Carol Wald, Three Lives & Co., New York Emmanuel Dongala’s Johnny Mad Dog (2005) should’ve had more readers. A window on the devastating and terrifying war that’s consumed Congo for years, through alternating stories of 16-year-old child soldier “Mad Dog” and Laokole, a 16-year-old high-school girl, both caught in the maelstrom. Two extraordinary portraits in chillingly page-turning prose. Another great book is Edward St. Aubyn’s Some Hope (2003), the dazzling U.S. debut of an author already well-known in the United Kingdom (and shortlisted for the Man Booker Prize this year for his 2005 follow-up, Mother’s Milk). This is the story of a privileged young man’s headlong descent into squalor told with sparkling wit and brilliant verve—in the words of Sam Lipsyte, an “exquisitely harrowing” read.
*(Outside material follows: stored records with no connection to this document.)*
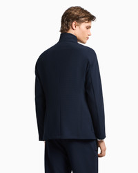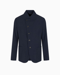 Jacket with a hallmark guru collar, off-centre button fastening and slim lapels at the neckline when not fully closed. Made from micro-textured crepe jersey with a unique three-dimensional pique effect and an especially fluid and lightweight look. The Icon capsule collection is dedicated to the Emporio Armani man and celebrates, season after season, the versatility and timeless elegance of the brand, reworking iconic clothing with a modern twist, in a perfect harmony of tradition and innovation. The FW25 selection is initially defined by fluid and airy silhouettes that play on blue and camel tones, then continues with a focus on exclusive knitwear distinguished by graphic designs and patterns with a strong visual impact. Crepe jersey Micro-textured weave Buttoned fastening Long sleeves Side patch pockets Unlined garment Product Code: EM000144TE14101UB081
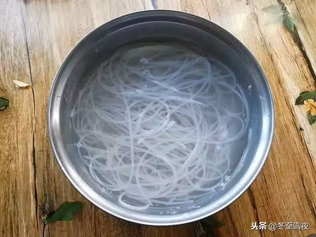 1.將粉條提前放在盆內,淋入開水,將粉條燙軟,然後在溫水中浸泡2-3小時,將粉條泡發至無硬心,泡發的時間要長些,使粉條吸收足夠的水分。
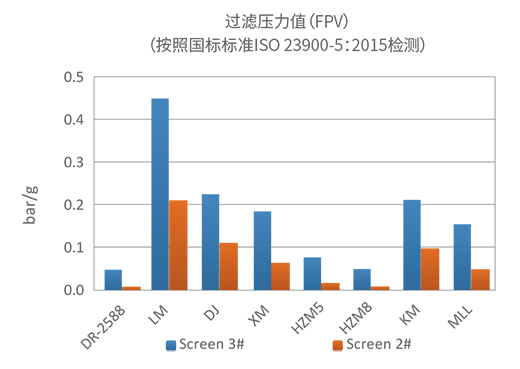 ■ Screen 3#數值、Screen 2#數值分別是指采用符合標準要求的3#過濾網(孔徑約10μm)和2#過濾網(孔徑約20μm)進行過濾測試所得。
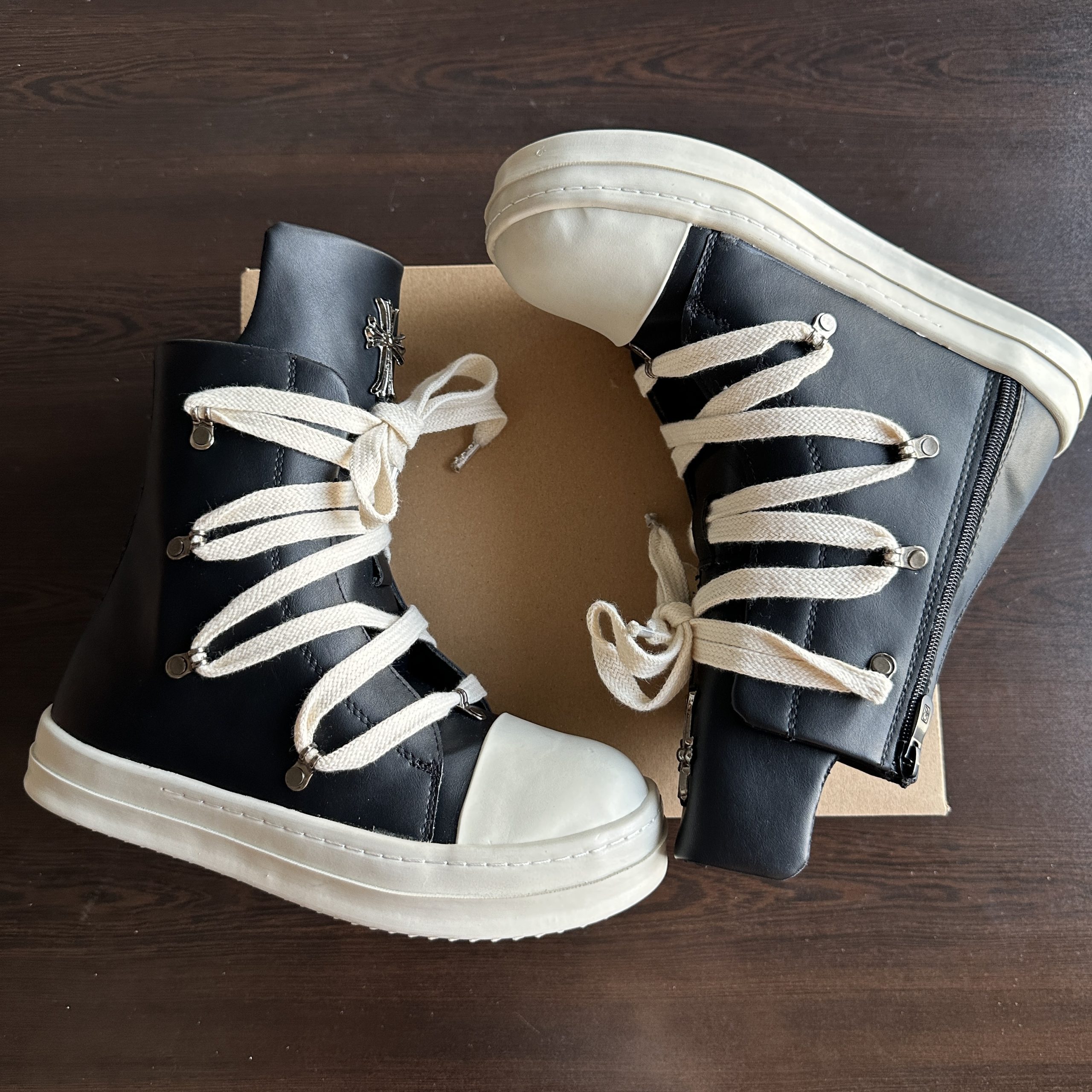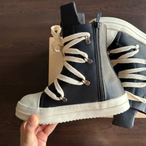 کفشهای برند **Rick Owens** بهعنوان نمادی از طراحیهای نوآورانه و متفاوت شناخته میشوند. این کفشها ترکیبی از زیباییشناسی مدرن و مینیمالیسم با رویکردی آیندهنگرانه به مد را ارائه میدهند. استفاده از متریالهای باکیفیت مانند چرم اصل و پارچههای مرغوب، به همراه جزئیات برجسته و غیرمعمول، ظاهری منحصربهفرد به این کفشها میبخشد.
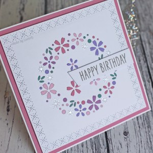 Here’s the card I made for her this time – I used the Simon Says Stamp Floral Sparkle Wreath that I picked up when it appeared one their deals and steals page a few weeks ago.
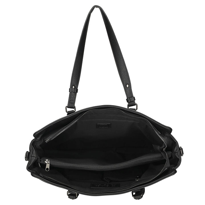 Het hoofdvak wordt gesloten met een ritssluiting. In het ruime hoofdvak zitten twee insteekvakjes en een vak met ritssluiting, ook zit in het hoofd een gewatteerd laptopvak 15”. Naast het hoofdvak heeft de shopper een voor- en achtervak met ritssluiting. De afmetingen van de tas zijn 40 x 32 x 10 cm.
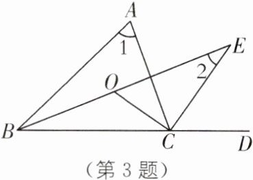 3.(2025·陕西汉中汉台区期末)如图,在△ABC中,BO,CO分别平分∠ABC,∠ACB,且BO,CO交于点O,CE为外角∠ACD的平分线,交BO的延长线于点E.记∠BAC= ∠1,∠E= ∠2,已知∠2= 25°.求∠1与∠BOC的度数.
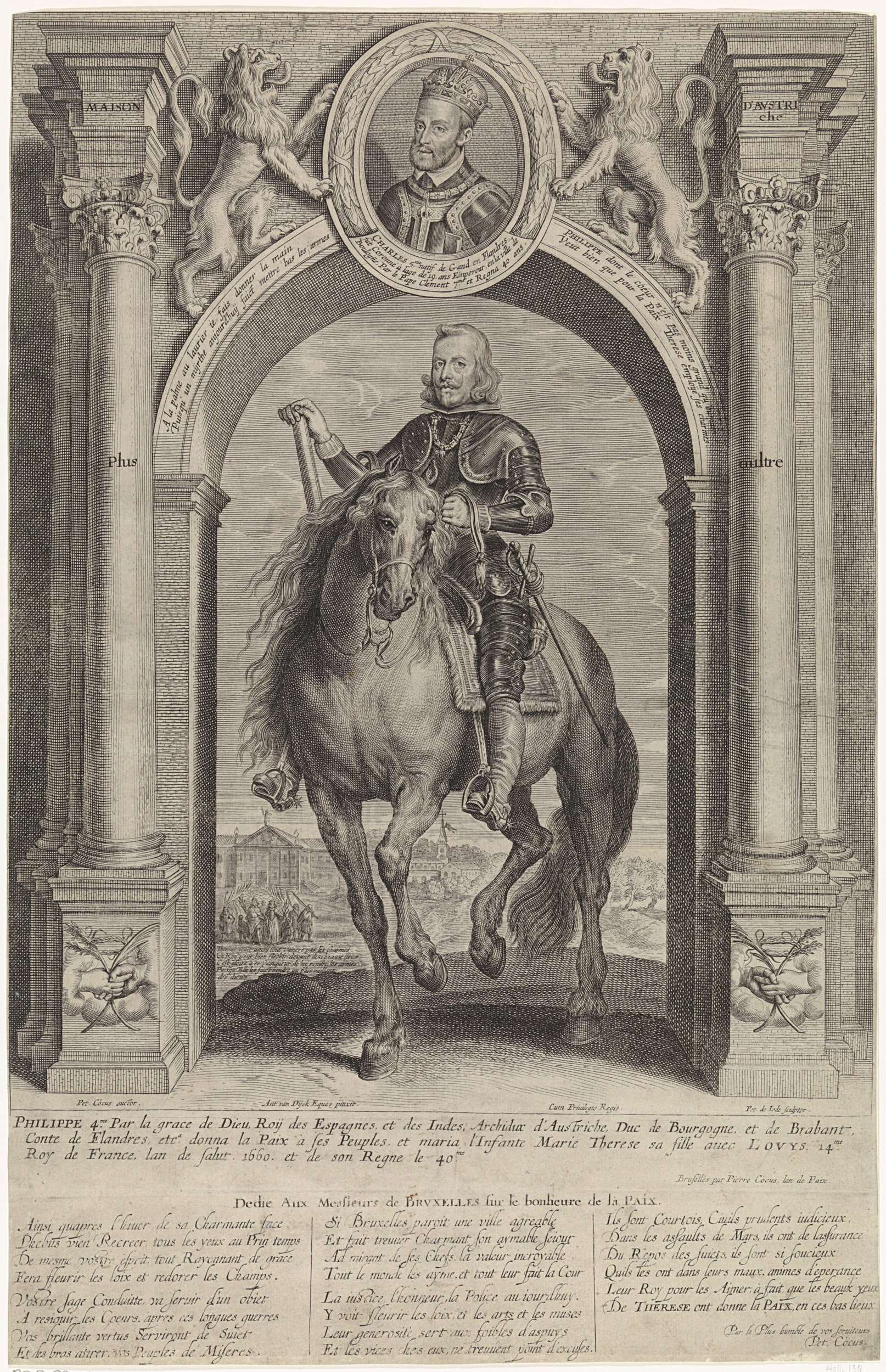 Ruiterportret van Filips IV van Spanje onder triomfboog

Dave Weich, Powell’s City of Books, Portland, Ore. I recommend The Collected Stories of Amy Hempel (2006). It would not be unfair to call Hempel a writer’s writer, but it might be misleading—she’s a reader’s writer, too. Some of her stories contain only a few lines; few run longer than 10 or 12 pages. None rely on high-concept mechanics or lofty language. She demands very little of her readership, and then delivers in spades. Hempel has been called a miniaturist—fair enough—but if her stories tend to be small in scale, they drill as deep as fiction goes. Emotionally charged, fantastically precise, an Amy Hempel story is a miracle of articulation.